🤖 AI Summary
Current evaluations of large models predominantly rely on end-to-end metrics, which obscure the underlying causes of performance variations due to hardware and software configurations. This work proposes the first reproducible, execution-trace-based benchmarking framework that constructs a community-extensible, trace-level evidence ecosystem through fine-grained execution traces, YAML-based workload specifications, and containerized launch scripts. The framework enables in-depth analysis of computational, memory, and communication efficiency. Using this approach, the study systematically quantifies—for the first time—the impact of parallelization strategies, interconnect bandwidth, and framework-level optimizations on training performance. Key findings include: high compute-communication overlap does not necessarily reduce step time; doubling TPU interconnect bandwidth yields significantly greater benefits than on GPUs for small-to-medium workloads; and performance gaps of up to 3× exist between optimal configurations across different frameworks.
📝 Abstract
Evaluative claims about LLM infrastructure -- ``workload X is fastest on hardware Y with software Z'' -- depend on a complex configuration space spanning hardware accelerators, interconnect bandwidth, software frameworks, parallelism plans, and communication libraries. Current infrastructure evaluation benchmarks publish a small set of end-to-end numbers that do not explain why one configuration outperforms another. We present CCL-Bench, a trace-based benchmark that addresses the limitations of existing benchmarks by recording reusable evidence for every ML workload. Each contributed data point in CCL-Bench packages an execution trace, a YAML workload card, and the launch scripts. We have developed a community-extensible toolkit to compute fine-grained compute, memory, and communication efficiency metrics from this evidence.

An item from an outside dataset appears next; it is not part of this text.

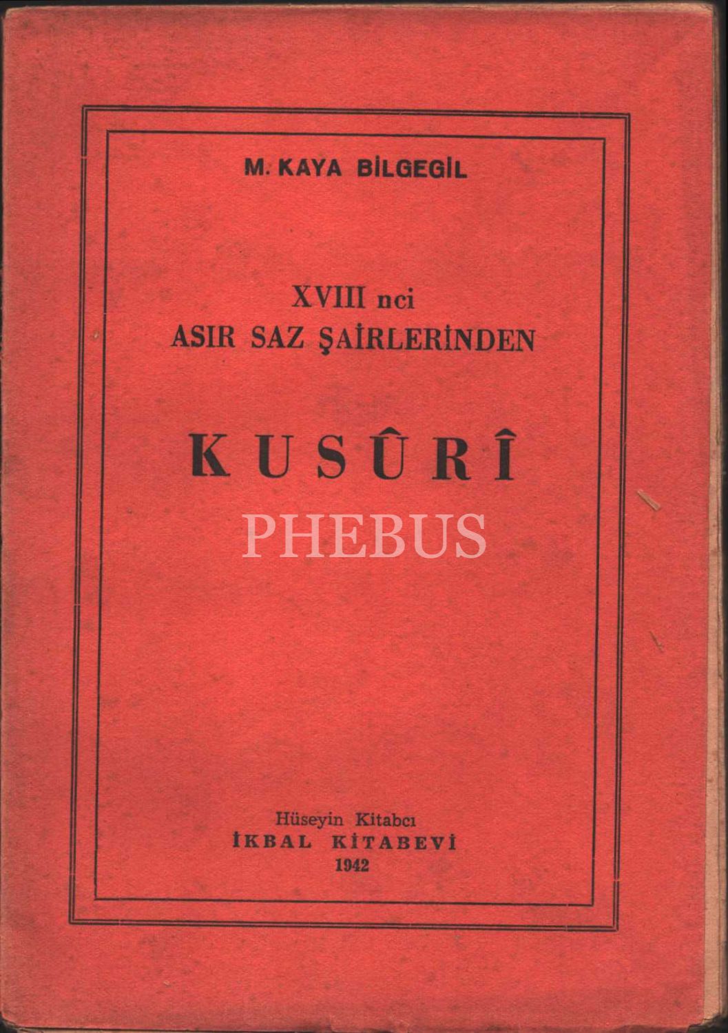 XVIII. ASIR SAZ ŞAİRLERİNDEN KUSÛRÎ, M. Kaya Bilgegil, İkbal Kitabevi, 1942, 119 sayfa

Using CCL-Bench, we surface three claims that summary-statistic benchmarks cannot support: (i) higher compute-communication overlap can coincide with longer training step time and reveal inefficient parallelization choices, (ii) doubling TPU interconnect bandwidth yields a much higher end-to-end improvement in step time than doubling GPU interconnect bandwidth on small and medium workloads, and (iii) the best-tuned configuration on one training framework can run up to 3$\times$ slower than the best-tuned configuration on a peer framework on identical hardware.